1 - (sigma(cabral.richness.modall)^2)/(sigma(cabral.richness)^2)
## [1] 0.710061
#total variation have they explained, according to R2GLMM(m)
r.squaredGLMM(cabral.richness.modall)
## R2m R2c
## [1,] 0.6655305 0.8445342
57% of the variation between archipelagos is explained by the predictors. 71% of the variation within islands in an archipelago is explained by the predictors. The fixed effects explained 67% of the total variation and the random effects explained 84% of the variation.

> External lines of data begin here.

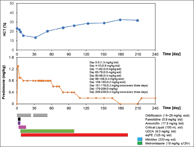 Fig. 1. Clinical course of treatment with oral administration of drugs and supplements between day 0 and day 209. Changes in HCT values from day 0 to day 209 of the treatment period (upper). Variation in oral prednisone doses from day 0 to 240 of the treatment period (middle). Amount and duration of oral medications and supplements used from day 0 to day 240 of treatment (lower). On day 32, good physical condition was maintained. Compared to day 18, the WBC count decreased by 46.1% but remained above baseline. RBC, HCT, and HGB decreased by 30.4%, 13.6%, and 34%, respectively, but remained below the baseline. The MCV increased by 24.3%, which was converted from within reference to the above reference. The MCH and PLT were normal. MCHC and LYM decreased by 23.7% and 39.7%, respectively, and were converted from within reference to the reference below. The EO decreased by 56.7%, which was converted from the above reference to within reference. GGT was normal. CRP decreased by 64%, which was converted from the above reference to the within reference. Based on these results, orbifloxacin was deemed unnecessary and thus discontinued. The owner of the patient reported mobile forelimbs, but the patient could not stand on. The owners also reported a tremor, hard and infrequent, stools, and an apparently tense abdomen, and ascites were excluded as a differential on day 37. Orbifloxacin (14–28 mg/kg) was resumed orally from day 38. On day 53, the patient’s physical condition was maintained. Compared to day 32, WBC and MCV decreased by 14.4% and 0.4%, respectively, but remained above the baseline. The RBC, HCT, and HGB levels increased by 51.9%, 51.5%, and 91.4%, respectively, but remained below the baseline. MCH and PLT increased by 26% and 37%, respectively, which were converted from within reference to the above reference. MCHC and LYM increased by 26.4% and 231.8%, respectively, from below the reference values. EO increased by 7.2%, which was converted from within reference to the above reference. ALT decreased by 61.7% compared to that on day 11 but remained above baseline. GGT and CRP levels remained at reference values. On day 63, since the patient continued to feel well, oral orbifloxacin administration was deemed unnecessary and discontinued. In addition, oral prednisone was changed from 0.8 mg/kg sid to 0.6 mg/kg sid thereafter. Between days 80 and 209, the patient’s physical condition continued to be maintained. Although the WBC count remained above the reference level, it showed a decreasing slope as the days passed. The RBC count remained below the reference value, but gradually increased over days and then reached within the reference value on day 209. However, HCT and HGB remained below the standard values and exhibited a gradual upward movement with passaging days. Although MCV, MCH, and PLT were above the reference values, they gradually decreased over time and converted to reference values on days 99, 123, and 179, respectively. The MCHC remained within the reference value. LYM was temporarily below the reference value on day 151, but otherwise remained within the reference values. The EO level was within and above the reference level between days 80 and 209. Although ALT was above the reference level, it showed a decrease with passaging days and then remained constant at around 110 (U/L). Although GGT was within the standard value, it decreased over time and then remained below the standard value after day 99. CRP levels remained normal but slightly exceeded the standard value on day 209. Under these trends of improvement in blood tests, oral prednisone was tapered from 0.6 to 0.4 mg/kg sid on day 80, tapered from 0.4 mg/kg sid to 0.4 mg/kg eod on day 99, and tapered from 0.4 to 0.2 mg/kg eod on day 99, tapered to 0.4 mg/kg sid to 0.4 mg/kg eod on day 109, and tapered to 0.2 mg/kg eod to 0.2 mg/kg once every 3 days on day 151. Oral prednisone was temporarily discontinued on day 179, but oral dosing (0.2 mg/kg once every 3 days was resumed on day 209. On day 216, diarrhea was observed on day 214, and MitoMax (220 mg sid) and metronidazole (15 mg/kg q12 hours) were administered orally. Diarrhea resolved after several days. Table 2. Hematological and serum biochemical parameters after drugs and supplements administration between day 4 and day 209.
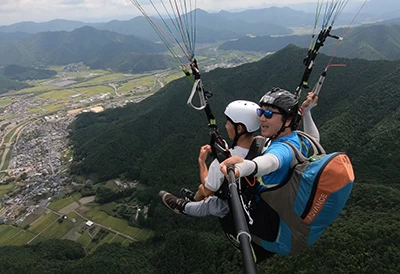 兵庫県丹波市にある「丹波パラグライダースクール」では、インストラクターのサポートのもと、初心者でも気軽にパラグライダー体験ができる。少人数制で時間調整もしやすく、丘から走って浮かび上がる浮遊体験や、山の上から高く飛ぶタンデムフライトなど一人ひとりに合わせた体験が可能。JR市島駅からの送迎も行っている。
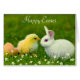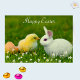 Cute white Easter bunny with chick and flowers Happy Easter Card. Text can be personalised for Easter or Birthday.

Use appropriate hypothesis tests (as described in lecture) to test the significance of the predictors. How do you interpret the results of these tests, and the effects plots, in light of hypotheses for what controls species richness in islands and archipelagos? What are the denominator degrees of freedom for each predictor? This is essentially telling you how much replication there is for that predictor, minus the number of fitted parameters for that predictor. Do the denominator df make sense? Why or why not?

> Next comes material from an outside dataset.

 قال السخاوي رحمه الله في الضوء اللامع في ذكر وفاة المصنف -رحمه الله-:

anova(cabral.richness.modall, ddf = "Satterthwaite", type = 2)
## Type II Analysis of Variance Table with Satterthwaite's method
## Sum Sq Mean Sq NumDF DenDF F value Pr(>F)

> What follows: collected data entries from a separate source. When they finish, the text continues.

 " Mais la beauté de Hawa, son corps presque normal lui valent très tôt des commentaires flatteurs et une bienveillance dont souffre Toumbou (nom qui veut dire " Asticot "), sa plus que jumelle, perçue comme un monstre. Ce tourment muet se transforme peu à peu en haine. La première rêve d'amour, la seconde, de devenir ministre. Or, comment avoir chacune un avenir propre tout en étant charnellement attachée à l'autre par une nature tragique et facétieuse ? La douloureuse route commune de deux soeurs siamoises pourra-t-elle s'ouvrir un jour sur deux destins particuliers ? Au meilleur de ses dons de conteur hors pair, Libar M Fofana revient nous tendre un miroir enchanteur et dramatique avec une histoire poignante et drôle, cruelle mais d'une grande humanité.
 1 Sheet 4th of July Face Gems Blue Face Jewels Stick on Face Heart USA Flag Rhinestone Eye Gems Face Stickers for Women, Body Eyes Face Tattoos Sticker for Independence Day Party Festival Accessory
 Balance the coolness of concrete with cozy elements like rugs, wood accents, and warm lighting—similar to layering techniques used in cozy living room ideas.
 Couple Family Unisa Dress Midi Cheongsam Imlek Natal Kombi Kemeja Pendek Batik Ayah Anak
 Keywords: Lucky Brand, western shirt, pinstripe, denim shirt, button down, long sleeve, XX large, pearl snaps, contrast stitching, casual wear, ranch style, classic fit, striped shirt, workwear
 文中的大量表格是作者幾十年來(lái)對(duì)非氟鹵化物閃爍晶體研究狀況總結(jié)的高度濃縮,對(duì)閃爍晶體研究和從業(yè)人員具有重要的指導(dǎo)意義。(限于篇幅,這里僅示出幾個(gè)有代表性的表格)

## log(Area) 24.8240 24.8240 1 161.035 103.8734 < 2.2e-16 ***
## log(Elev + 1) 1.6588 1.6588 1 166.662 6.9410 0.009218 **
## log(Temp) 7.4969 7.4969 1 85.477 31.3702 2.542e-07 ***
## log(number.islands) 0.0721 0.0721 1 18.593 0.3016 0.589391
## log(distance) 3.2634 3.2634 1 20.072 13.6553 0.001426 **
## log(age) 0.6408 0.6408 1 19.028 2.6815 0.117952
## ---
## Signif. codes: 0 '***' 0.001 '**' 0.01 '*' 0.05 '.' 0.1 ' ' 1
Is the model we’ve used the best model? Often I just stick with one big model when the ratio of data to parameters is pretty good. But one might instead prefer to find the best model(s), while accounting for model selection uncertainty. Use AICc in some capacity to assess which predictors are important, what the ‘best’ model is, and how sure you are about what the best model is. The details of how you do it are up to you, as long as it seems justifiable. Remember to set REML=FALSE when comparing models with different sets of predictors.